_DATA SUPPLIED:_

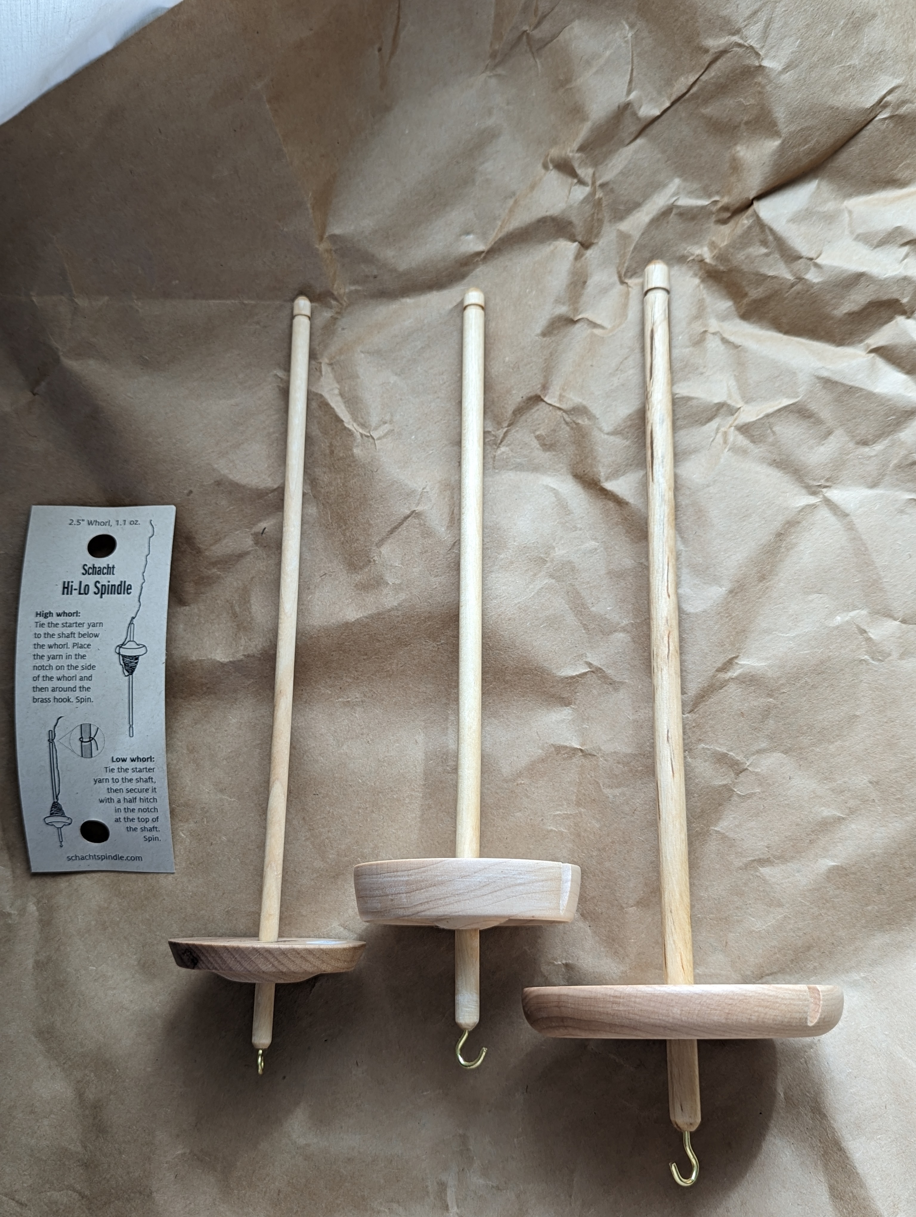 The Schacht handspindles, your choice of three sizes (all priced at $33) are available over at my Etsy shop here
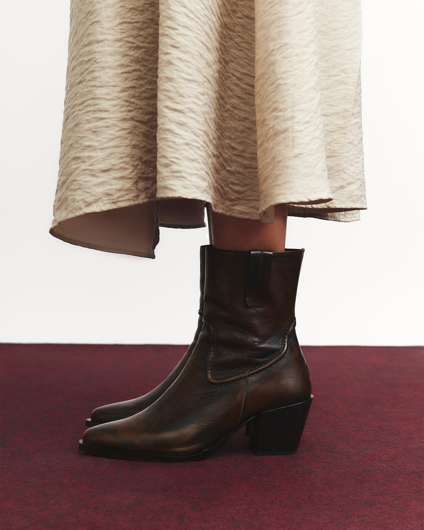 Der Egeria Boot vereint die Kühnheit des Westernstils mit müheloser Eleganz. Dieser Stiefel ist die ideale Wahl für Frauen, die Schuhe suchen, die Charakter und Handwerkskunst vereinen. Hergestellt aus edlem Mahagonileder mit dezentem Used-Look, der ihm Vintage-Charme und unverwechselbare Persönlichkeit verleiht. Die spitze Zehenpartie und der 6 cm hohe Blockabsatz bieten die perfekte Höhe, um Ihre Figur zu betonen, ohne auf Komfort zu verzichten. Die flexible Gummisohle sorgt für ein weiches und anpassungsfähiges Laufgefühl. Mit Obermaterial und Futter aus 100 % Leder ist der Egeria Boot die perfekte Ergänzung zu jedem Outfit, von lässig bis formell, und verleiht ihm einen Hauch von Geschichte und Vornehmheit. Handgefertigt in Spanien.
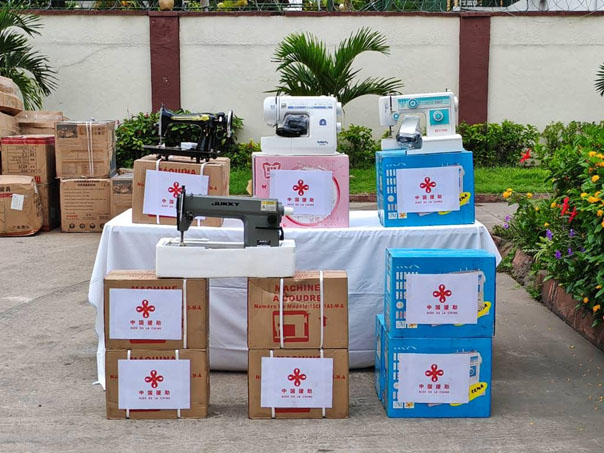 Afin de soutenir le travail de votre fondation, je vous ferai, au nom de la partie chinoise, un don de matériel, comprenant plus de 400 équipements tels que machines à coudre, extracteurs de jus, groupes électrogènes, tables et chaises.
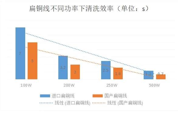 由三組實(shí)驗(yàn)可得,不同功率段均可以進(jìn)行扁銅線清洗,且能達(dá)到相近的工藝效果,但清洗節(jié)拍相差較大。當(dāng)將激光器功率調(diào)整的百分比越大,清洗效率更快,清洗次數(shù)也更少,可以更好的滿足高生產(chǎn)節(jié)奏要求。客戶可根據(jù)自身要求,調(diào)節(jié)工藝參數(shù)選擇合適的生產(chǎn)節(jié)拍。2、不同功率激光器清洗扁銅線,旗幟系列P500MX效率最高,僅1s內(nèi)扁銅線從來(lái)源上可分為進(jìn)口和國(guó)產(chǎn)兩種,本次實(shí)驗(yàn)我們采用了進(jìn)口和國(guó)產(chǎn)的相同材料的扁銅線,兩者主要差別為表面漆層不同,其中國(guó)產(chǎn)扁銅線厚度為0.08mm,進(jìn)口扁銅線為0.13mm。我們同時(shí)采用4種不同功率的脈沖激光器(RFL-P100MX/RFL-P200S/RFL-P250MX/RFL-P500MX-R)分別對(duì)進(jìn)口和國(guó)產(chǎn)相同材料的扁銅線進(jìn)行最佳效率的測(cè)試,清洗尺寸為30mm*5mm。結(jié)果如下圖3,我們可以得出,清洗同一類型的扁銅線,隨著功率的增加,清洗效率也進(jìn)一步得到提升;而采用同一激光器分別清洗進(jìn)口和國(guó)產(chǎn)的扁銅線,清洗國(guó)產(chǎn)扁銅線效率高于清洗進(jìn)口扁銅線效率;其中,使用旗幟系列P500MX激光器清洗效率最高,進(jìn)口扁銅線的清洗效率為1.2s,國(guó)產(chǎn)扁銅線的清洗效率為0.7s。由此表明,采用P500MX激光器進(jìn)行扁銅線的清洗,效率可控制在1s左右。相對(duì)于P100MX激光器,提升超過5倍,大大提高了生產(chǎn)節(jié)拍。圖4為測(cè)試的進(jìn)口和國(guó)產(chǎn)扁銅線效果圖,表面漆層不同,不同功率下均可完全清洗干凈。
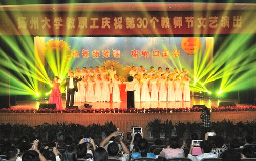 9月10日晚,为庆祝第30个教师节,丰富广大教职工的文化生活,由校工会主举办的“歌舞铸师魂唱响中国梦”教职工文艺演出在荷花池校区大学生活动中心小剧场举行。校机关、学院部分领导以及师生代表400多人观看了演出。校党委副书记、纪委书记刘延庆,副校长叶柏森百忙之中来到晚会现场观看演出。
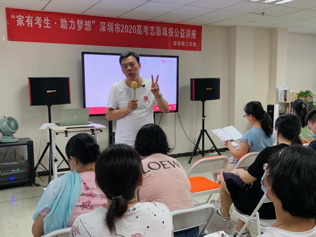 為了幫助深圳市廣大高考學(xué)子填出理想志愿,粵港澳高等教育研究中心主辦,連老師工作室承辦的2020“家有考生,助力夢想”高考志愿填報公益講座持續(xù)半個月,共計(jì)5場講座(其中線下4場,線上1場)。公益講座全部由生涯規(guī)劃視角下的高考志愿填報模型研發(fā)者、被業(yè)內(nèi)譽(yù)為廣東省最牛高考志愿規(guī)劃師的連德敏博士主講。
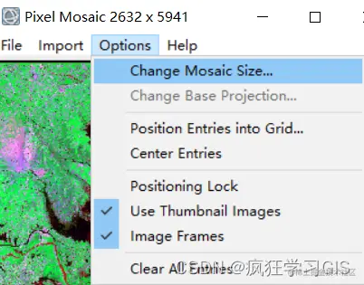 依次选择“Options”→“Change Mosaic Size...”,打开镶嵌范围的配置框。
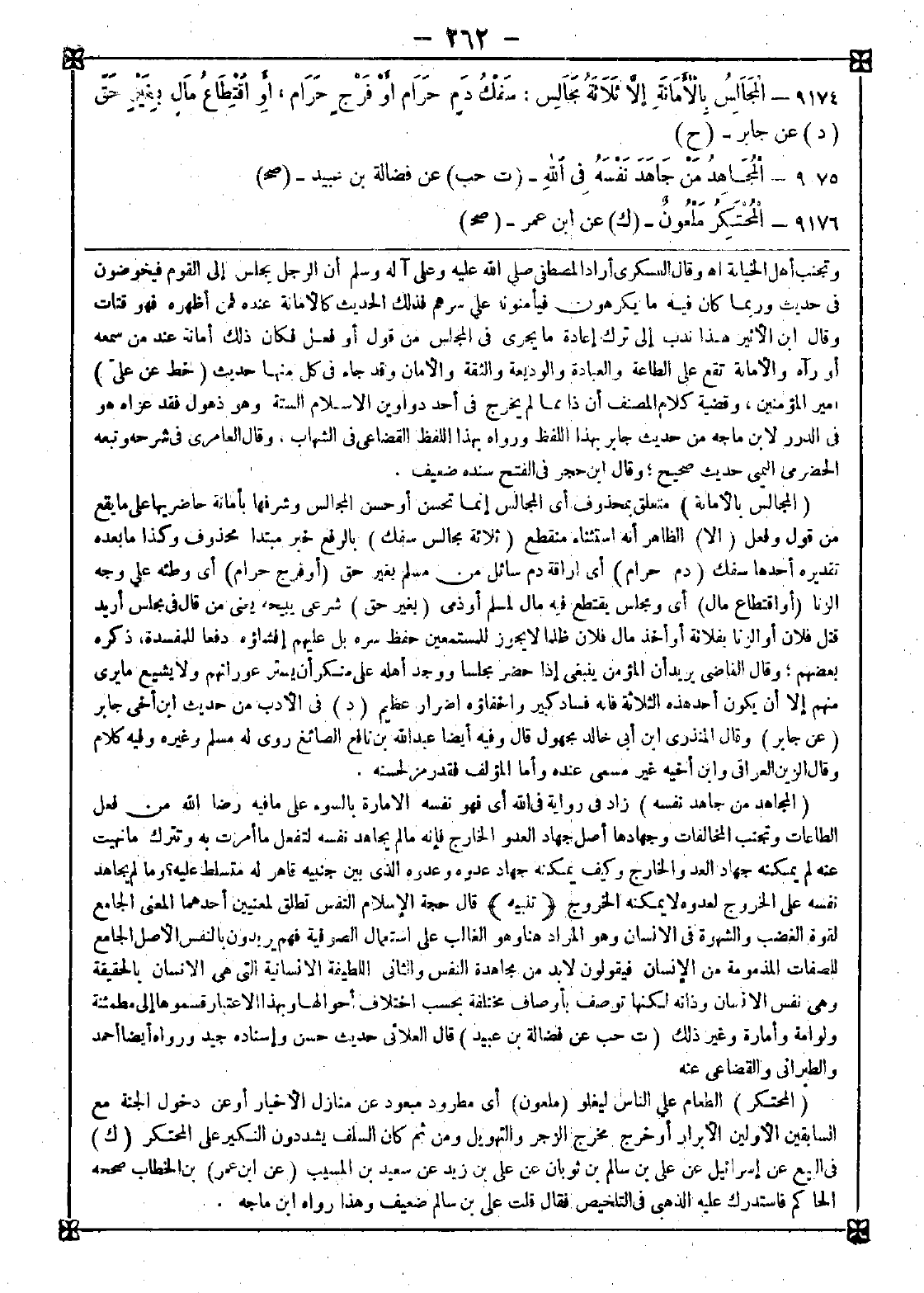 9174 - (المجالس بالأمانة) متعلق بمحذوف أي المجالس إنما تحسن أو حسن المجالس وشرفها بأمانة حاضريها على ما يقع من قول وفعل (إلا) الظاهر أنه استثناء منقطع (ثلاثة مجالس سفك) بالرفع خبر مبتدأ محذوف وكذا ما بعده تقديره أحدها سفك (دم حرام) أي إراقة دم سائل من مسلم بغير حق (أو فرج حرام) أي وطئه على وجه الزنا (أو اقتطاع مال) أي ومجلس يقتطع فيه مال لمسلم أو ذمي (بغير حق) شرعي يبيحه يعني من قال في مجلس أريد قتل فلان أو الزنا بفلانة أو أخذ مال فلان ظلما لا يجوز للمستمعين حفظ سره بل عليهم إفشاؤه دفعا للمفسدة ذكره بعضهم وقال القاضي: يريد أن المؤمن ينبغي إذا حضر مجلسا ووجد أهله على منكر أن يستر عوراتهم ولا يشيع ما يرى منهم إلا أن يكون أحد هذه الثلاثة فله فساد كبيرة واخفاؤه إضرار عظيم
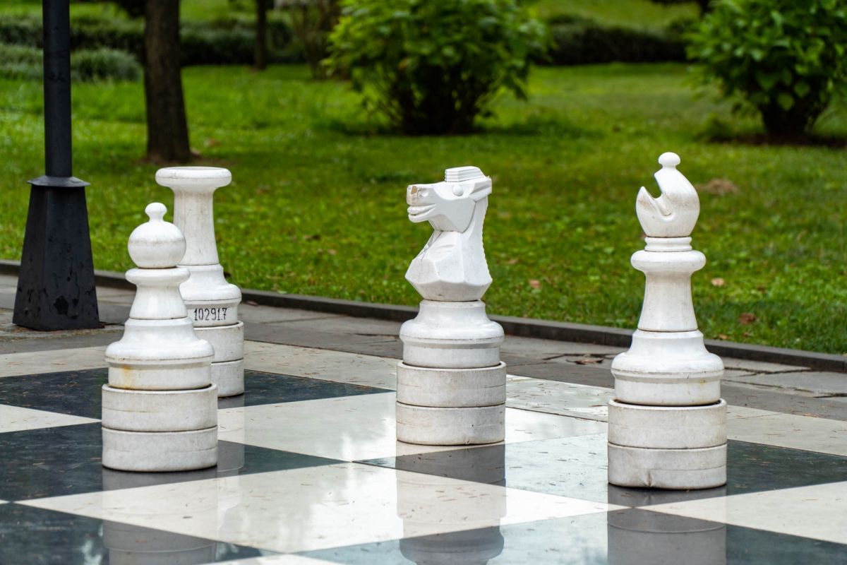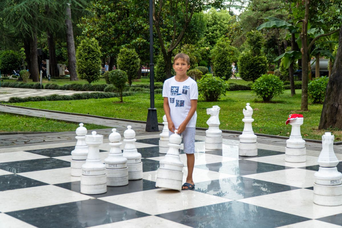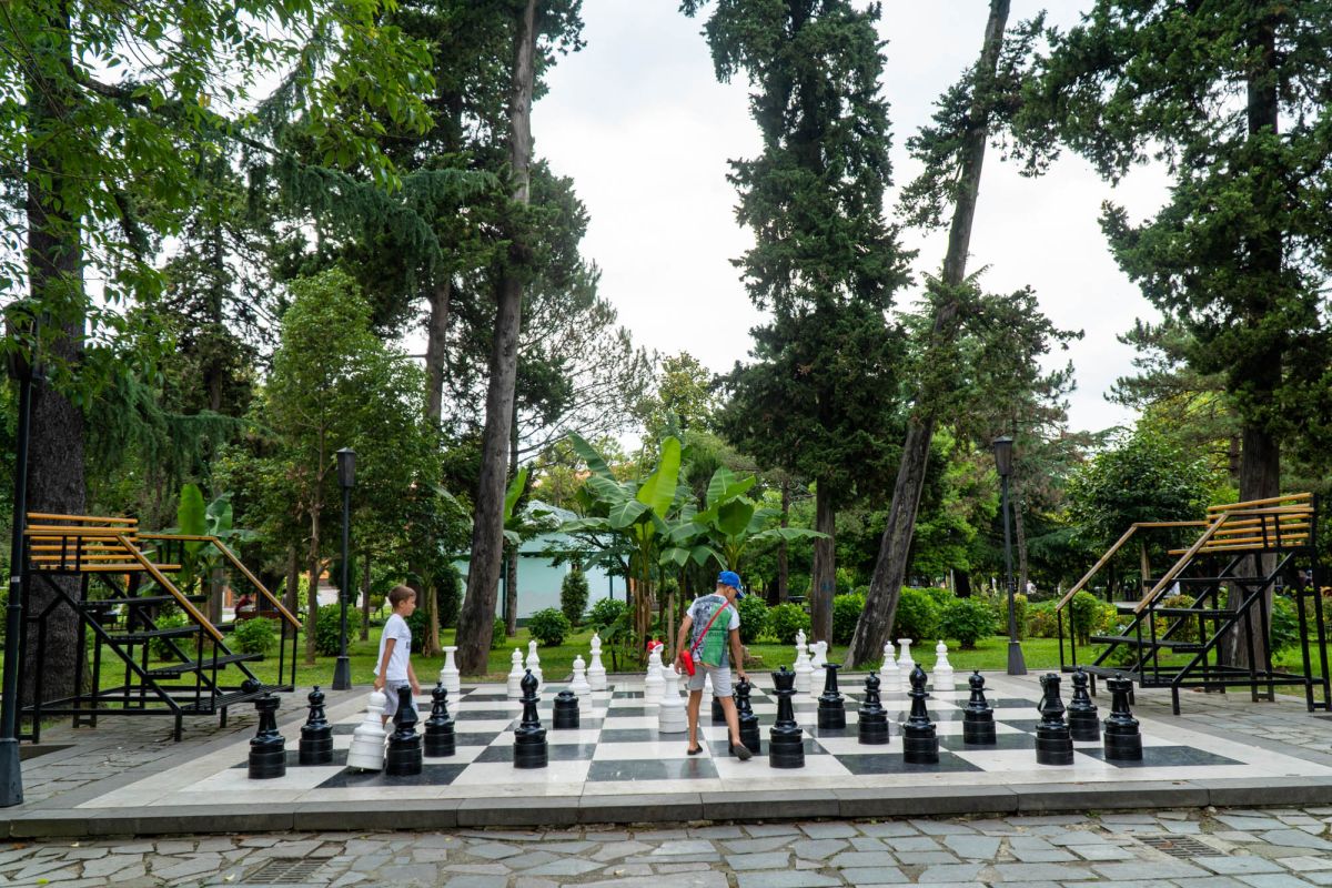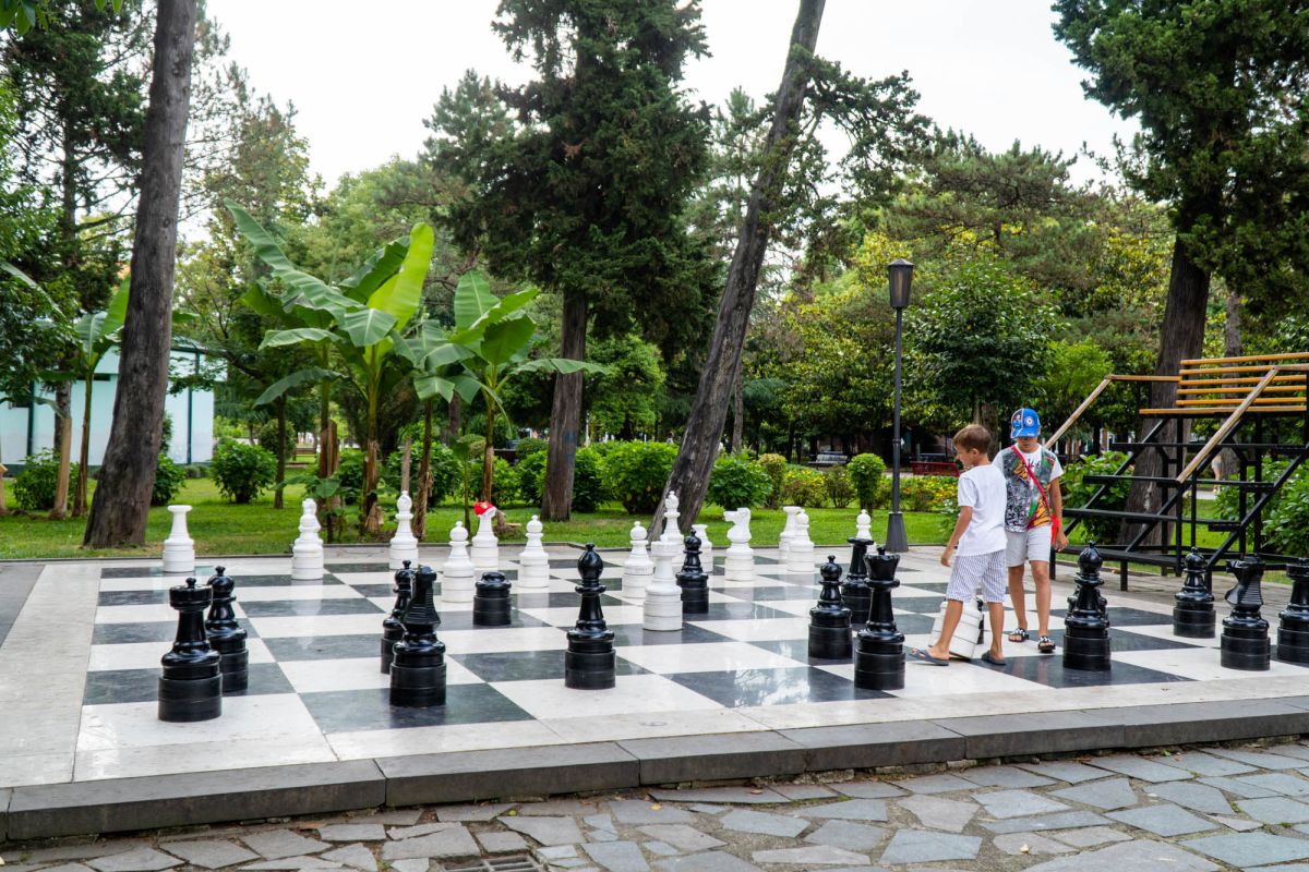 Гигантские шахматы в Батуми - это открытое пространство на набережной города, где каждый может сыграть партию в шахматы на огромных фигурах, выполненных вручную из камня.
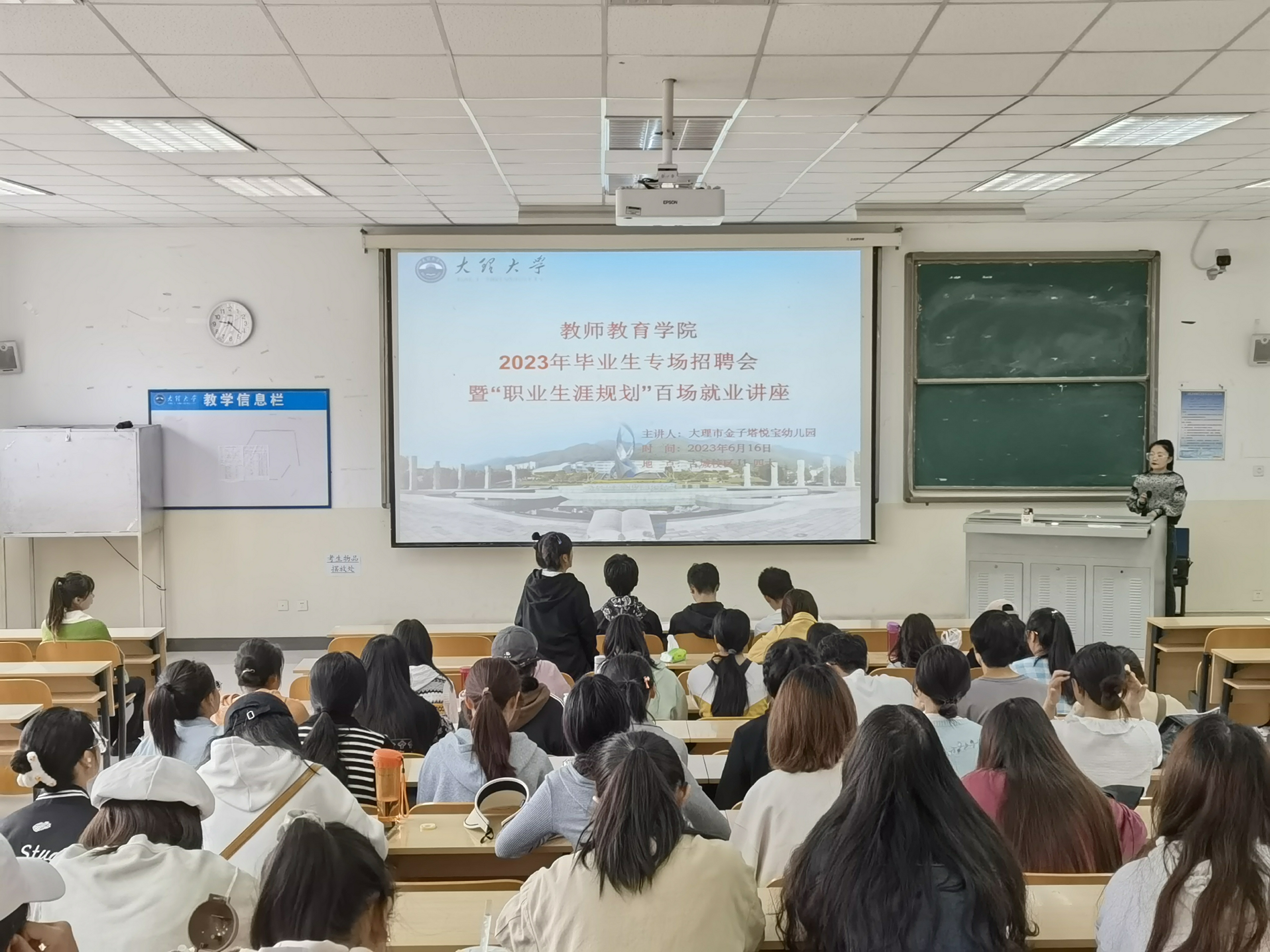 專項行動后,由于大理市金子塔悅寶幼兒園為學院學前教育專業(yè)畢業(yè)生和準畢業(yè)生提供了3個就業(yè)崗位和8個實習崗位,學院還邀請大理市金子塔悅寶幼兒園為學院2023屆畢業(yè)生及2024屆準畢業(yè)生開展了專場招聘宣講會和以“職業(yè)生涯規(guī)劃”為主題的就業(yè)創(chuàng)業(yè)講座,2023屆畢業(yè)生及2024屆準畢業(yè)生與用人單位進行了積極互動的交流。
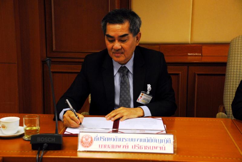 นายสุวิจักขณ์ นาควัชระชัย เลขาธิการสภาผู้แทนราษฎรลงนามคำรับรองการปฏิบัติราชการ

_TO DO:_ All pictures should be dropped; the lines from the one containing "9月10日晚,为庆祝第30个" through the last line of the material are to be set down exactly.

_SOLUTION BELOW:_
 9月10日晚,为庆祝第30个教师节,丰富广大教职工的文化生活,由校工会主举办的“歌舞铸师魂唱响中国梦”教职工文艺演出在荷花池校区大学生活动中心小剧场举行。校机关、学院部分领导以及师生代表400多人观看了演出。校党委副书记、纪委书记刘延庆,副校长叶柏森百忙之中来到晚会现场观看演出。
 為了幫助深圳市廣大高考學(xué)子填出理想志愿,粵港澳高等教育研究中心主辦,連老師工作室承辦的2020“家有考生,助力夢想”高考志愿填報公益講座持續(xù)半個月,共計(jì)5場講座(其中線下4場,線上1場)。公益講座全部由生涯規(guī)劃視角下的高考志愿填報模型研發(fā)者、被業(yè)內(nèi)譽(yù)為廣東省最牛高考志愿規(guī)劃師的連德敏博士主講。
 依次选择“Options”→“Change Mosaic Size...”,打开镶嵌范围的配置框。
 9174 - (المجالس بالأمانة) متعلق بمحذوف أي المجالس إنما تحسن أو حسن المجالس وشرفها بأمانة حاضريها على ما يقع من قول وفعل (إلا) الظاهر أنه استثناء منقطع (ثلاثة مجالس سفك) بالرفع خبر مبتدأ محذوف وكذا ما بعده تقديره أحدها سفك (دم حرام) أي إراقة دم سائل من مسلم بغير حق (أو فرج حرام) أي وطئه على وجه الزنا (أو اقتطاع مال) أي ومجلس يقتطع فيه مال لمسلم أو ذمي (بغير حق) شرعي يبيحه يعني من قال في مجلس أريد قتل فلان أو الزنا بفلانة أو أخذ مال فلان ظلما لا يجوز للمستمعين حفظ سره بل عليهم إفشاؤه دفعا للمفسدة ذكره بعضهم وقال القاضي: يريد أن المؤمن ينبغي إذا حضر مجلسا ووجد أهله على منكر أن يستر عوراتهم ولا يشيع ما يرى منهم إلا أن يكون أحد هذه الثلاثة فله فساد كبيرة واخفاؤه إضرار عظيم
 Гигантские шахматы в Батуми - это открытое пространство на набережной города, где каждый может сыграть партию в шахматы на огромных фигурах, выполненных вручную из камня.
 專項行動后,由于大理市金子塔悅寶幼兒園為學院學前教育專業(yè)畢業(yè)生和準畢業(yè)生提供了3個就業(yè)崗位和8個實習崗位,學院還邀請大理市金子塔悅寶幼兒園為學院2023屆畢業(yè)生及2024屆準畢業(yè)生開展了專場招聘宣講會和以“職業(yè)生涯規(guī)劃”為主題的就業(yè)創(chuàng)業(yè)講座,2023屆畢業(yè)生及2024屆準畢業(yè)生與用人單位進行了積極互動的交流。
 นายสุวิจักขณ์ นาควัชระชัย เลขาธิการสภาผู้แทนราษฎรลงนามคำรับรองการปฏิบัติราชการ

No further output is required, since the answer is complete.